- Native to: Indonesia, Papua New Guinea
- Region: Western Province, Papua New Guinea; South Papua Boven Digoel; ;
- Native speakers: (6,000 cited 1999)
- Language family: Trans–New Guinea Central & South New Guinea ?OkLowland OkYonggom; ; ; ;

Language codes
- ISO 639-3: yon
- Glottolog: yong1280
- ELP: Yonggom

= Yonggom language =

Ok language spoken in Indonesia and Papua New Guinea

Yonggom is one of the Ok languages of Indonesia and Papua New Guinea. According to its speakers, it is part of a continuum of 9 mutually intelligible dialects of Muyu languages which also includes Muyu, North Muyu (Kadi), South Muyu, and Ningrum.

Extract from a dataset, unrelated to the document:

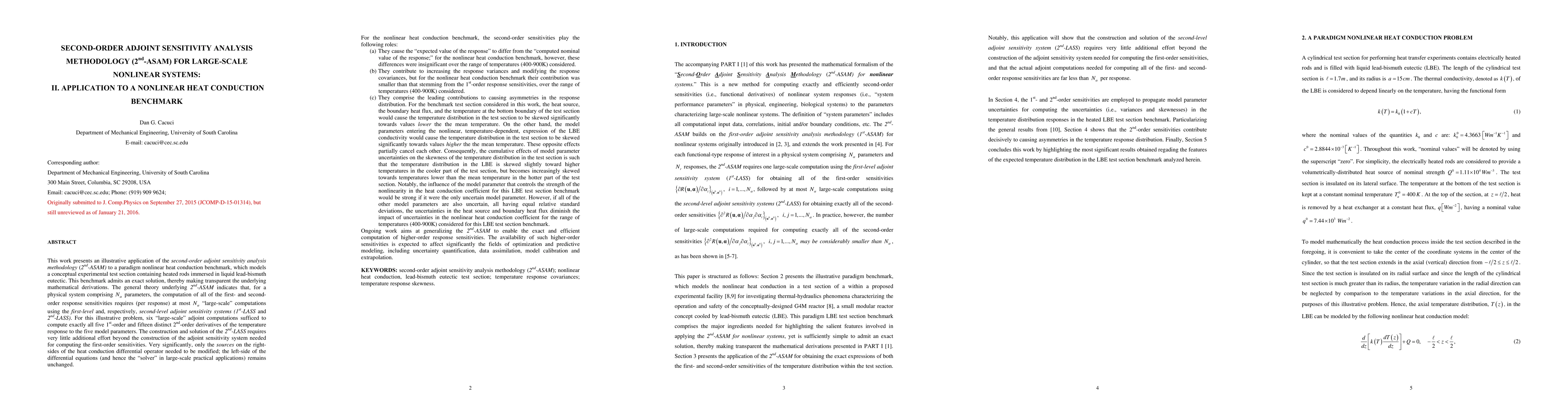 This paper applies the Second-Order Adjoint Sensitivity Analysis Methodology (2nd-ASAM) to a nonlinear heat conduction benchmark, demonstrating its efficiency in computing first and second-order derivatives with minimal computational changes. The methodology requires only modifications to the right-hand side of the heat conduction equations, preserving the solver's integrity.
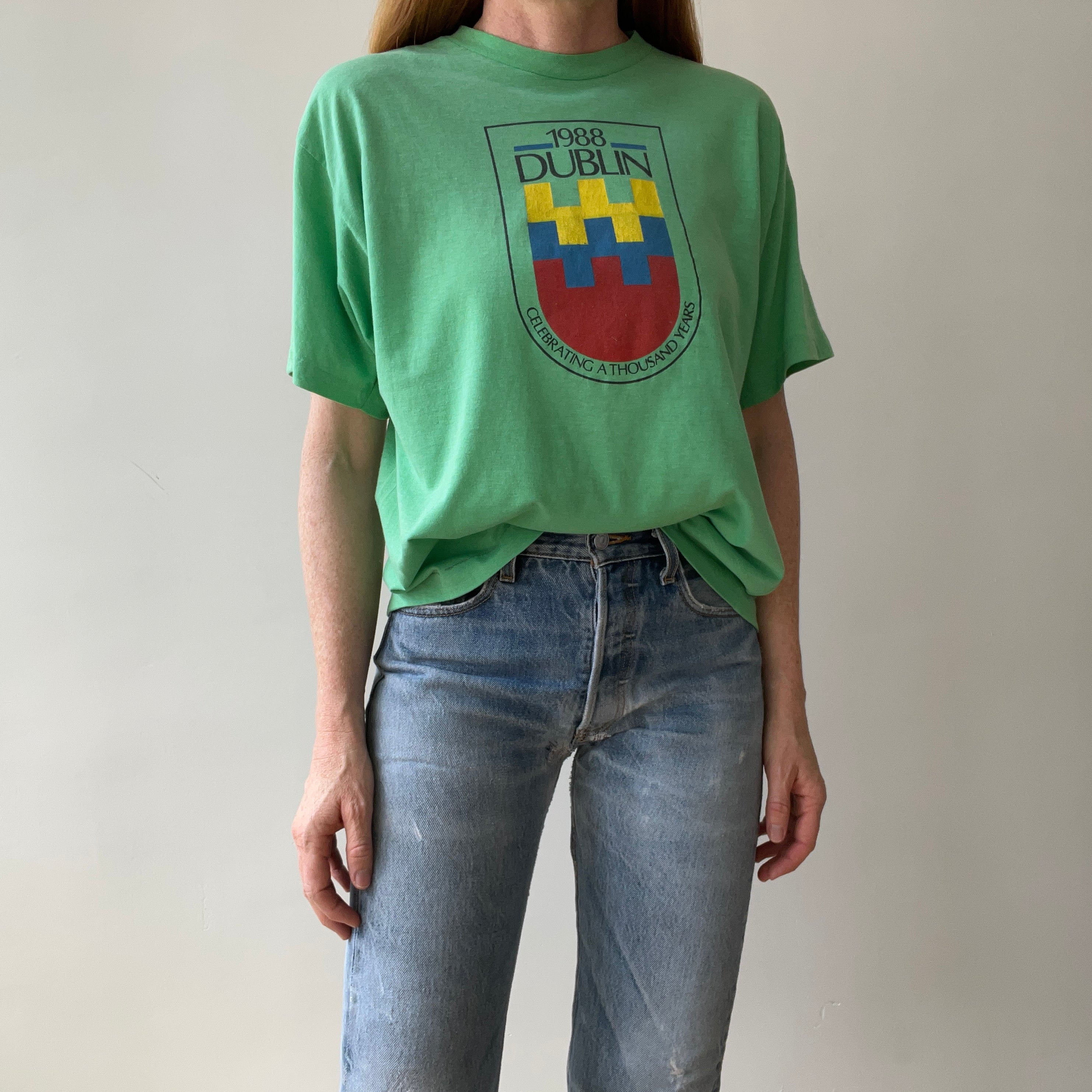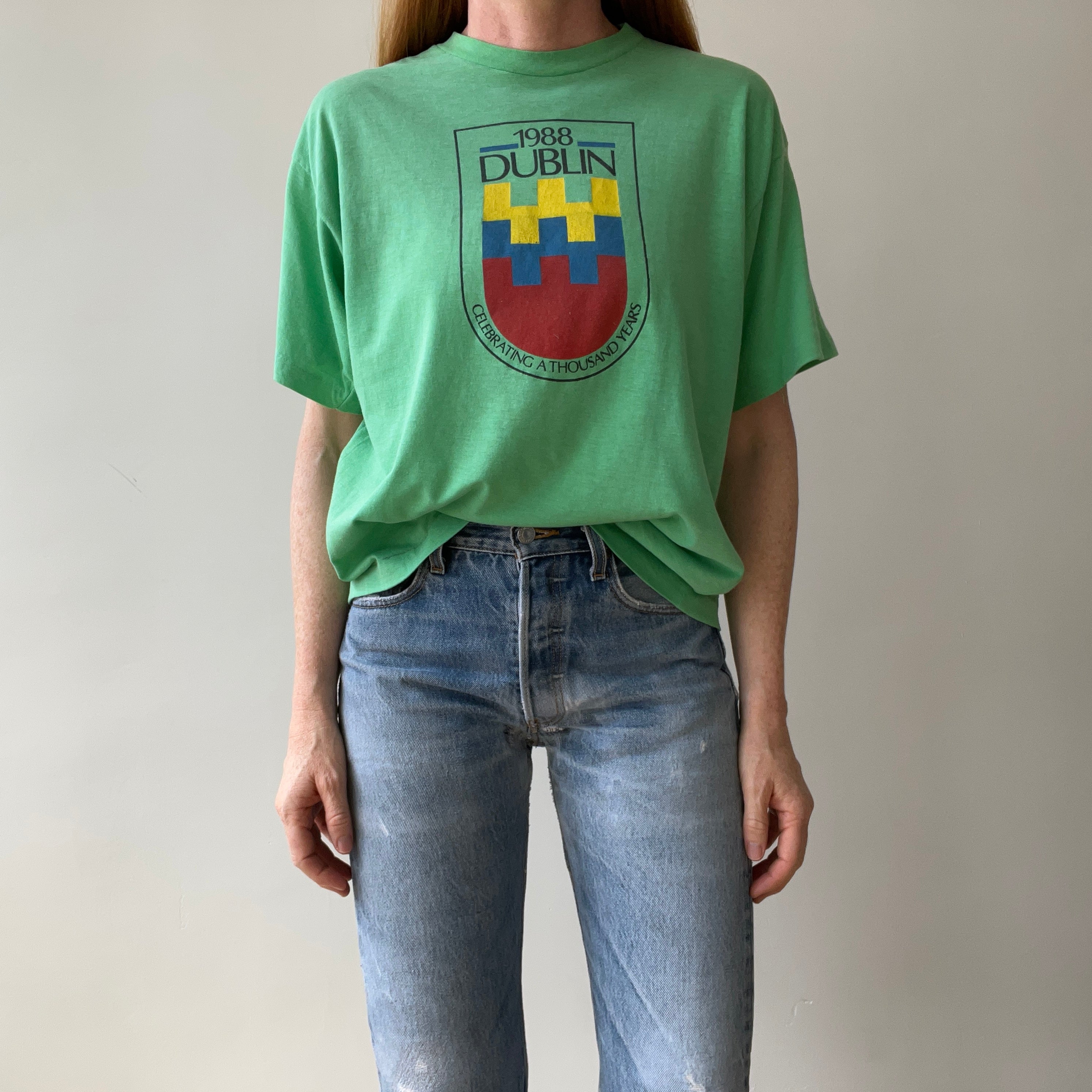 Notes: lightly worn, thin cotton, boxy cropped fit, single stitch - easy breezy and irish!

Petabahasa by Indonesian Ministry of Education classified this language as Yonggom/Yongkom (BPS:1158 6) spoken in Kampung Ninati, although another name recorded for South Muyu (BPS:0917 2) is Yongon.

== Phonology ==

=== Consonants ===

|  |  | Labial | Alveolar | Palatal | Velar |
| Nasal |  | m | n |  | ŋ |
| Plosive | voiceless | p | t |  | k kʷ |
| voiced | b | d |  | ɡ |
| Fricative |  |  | s |  |  |
| Tap |  |  | ɾ |  |  |
| Approximant |  | w | (l) | j |  |

- /b, d/ can become fricatives [β, ð] intervocalically in fast speech.
- /k/ can be heard as a fricative [ɣ] in fast speech.
- /ɾ/ becomes [l] in word-initial position.
- /j/ is heard as an affricate [dʒ] when following a plosive.

=== Vowels ===

|  | Front | Central | Back |
|---|---|---|---|
| Close | i iː |  | u uː |
| Mid | ɛ ɛː |  | o oː |
| Open |  | a aː |  |

- /i/ becomes [ɪ] when before /s/ or a word-final /n/.
- /ɛ/ becomes more close as [e] when before a sonorant back consonant.